### PROBLEM
Each line of the data below goes into the copy exactly; pictures do not.

### SUPPLIED MATERIAL
<<<<
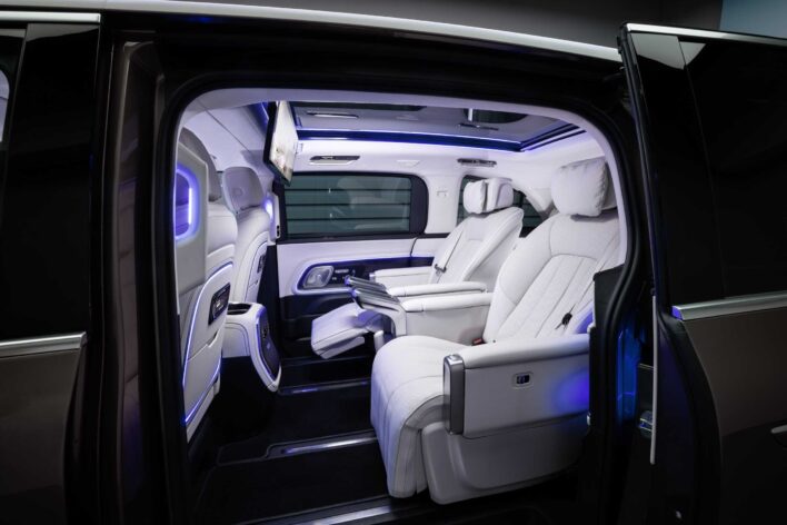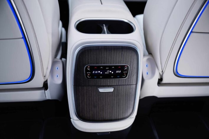 הנוסעים מאחור יכולים להנות ממסך ענק בגודל 31.3 אינטש, שמתקפל מתקרת הרכב ויכול לשמש לצפייה בסרטים, משחקים ואף לשימוש בפגישות, יחד עם מצלמת 8MP, מערכת שמע עם 22 רמקולים, בקרת אקלים מפוצלת וכמובן גג פנורמי ענק. רמות האבזור הגבוהות כוללות גם שני תאי אחסון עם בקרת טמפרטורה (קירור או חימום), תאורת אווירה, מערכת טיהור אוויר ועוד.
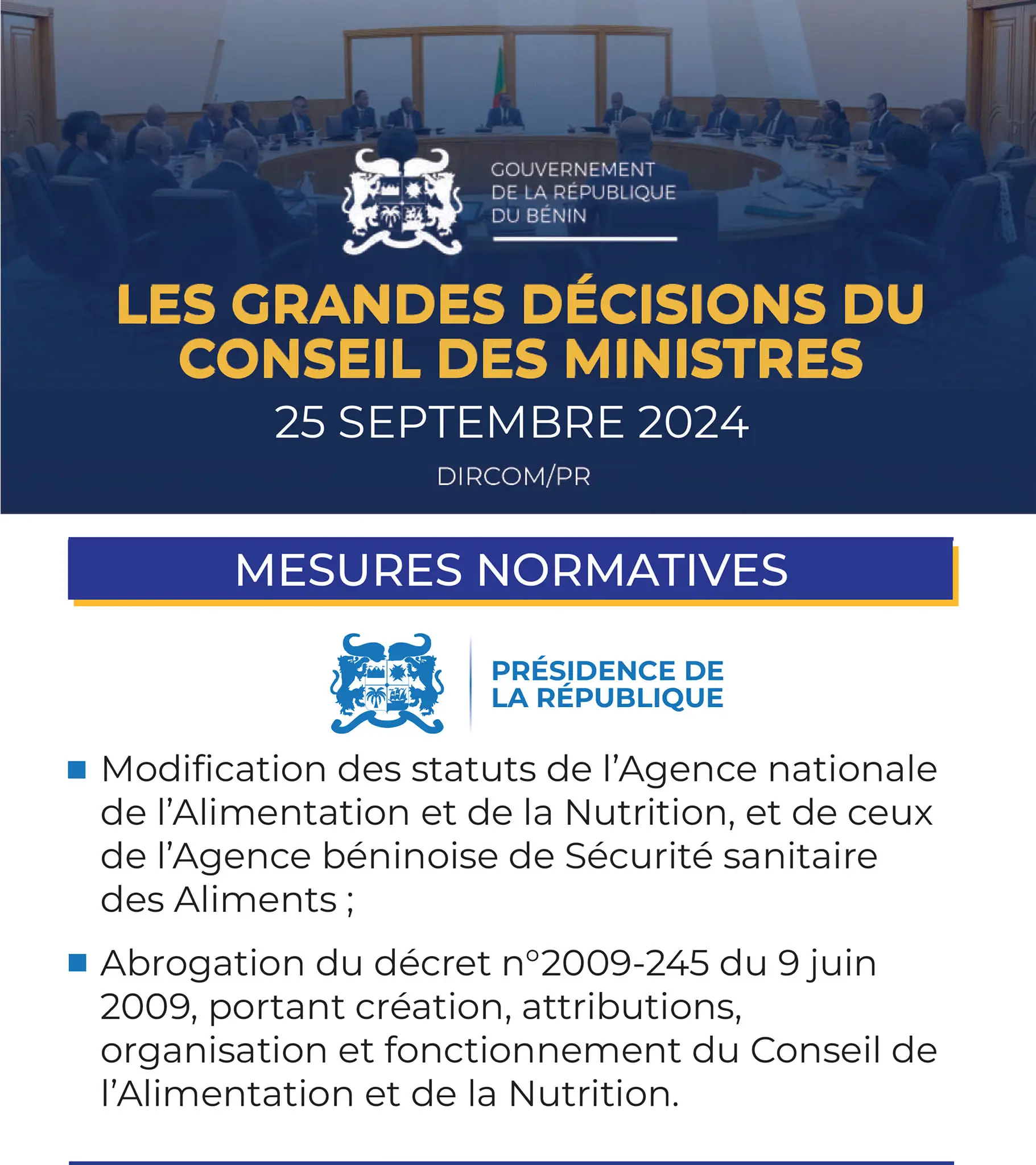 Le Gouvernement du Bénin s’est réuni une fois encore ce mercredi 25 septembre 2024 sous la présidence effective de Patrice Talon. Beaucoup de décisions ont été prises, dont en voici les grandes lignes
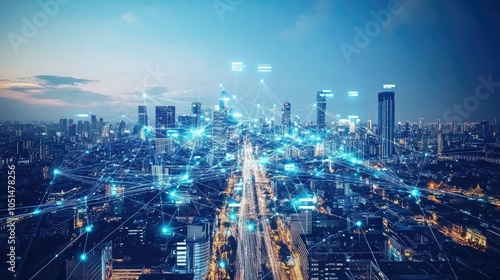 Fototapeta premium Cityscape with skyscrapers, digital connections, and various transportation...
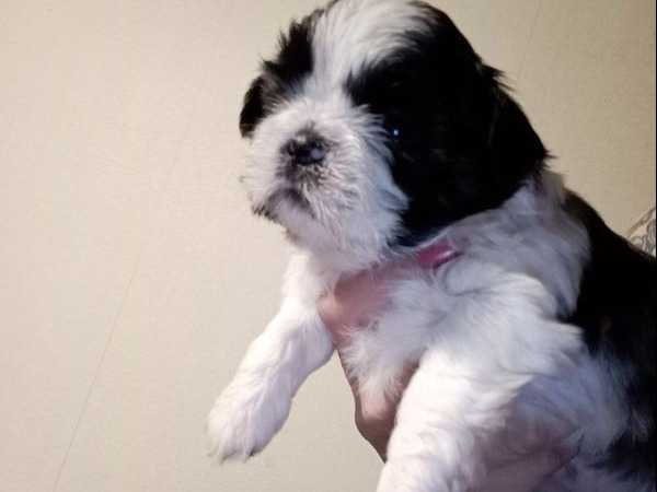 Nous vous proposons de réserver des chiots Shih Tzus nés le 28 février 2022 : un mâle tricolore vendu à 1300 euros et une femelle noire et blanche vendue à 1400 euros.
>>>>
### YOUR SOLUTION
 הנוסעים מאחור יכולים להנות ממסך ענק בגודל 31.3 אינטש, שמתקפל מתקרת הרכב ויכול לשמש לצפייה בסרטים, משחקים ואף לשימוש בפגישות, יחד עם מצלמת 8MP, מערכת שמע עם 22 רמקולים, בקרת אקלים מפוצלת וכמובן גג פנורמי ענק. רמות האבזור הגבוהות כוללות גם שני תאי אחסון עם בקרת טמפרטורה (קירור או חימום), תאורת אווירה, מערכת טיהור אוויר ועוד.
 Le Gouvernement du Bénin s’est réuni une fois encore ce mercredi 25 septembre 2024 sous la présidence effective de Patrice Talon. Beaucoup de décisions ont été prises, dont en voici les grandes lignes
 Fototapeta premium Cityscape with skyscrapers, digital connections, and various transportation...
 Nous vous proposons de réserver des chiots Shih Tzus nés le 28 février 2022 : un mâle tricolore vendu à 1300 euros et une femelle noire et blanche vendue à 1400 euros.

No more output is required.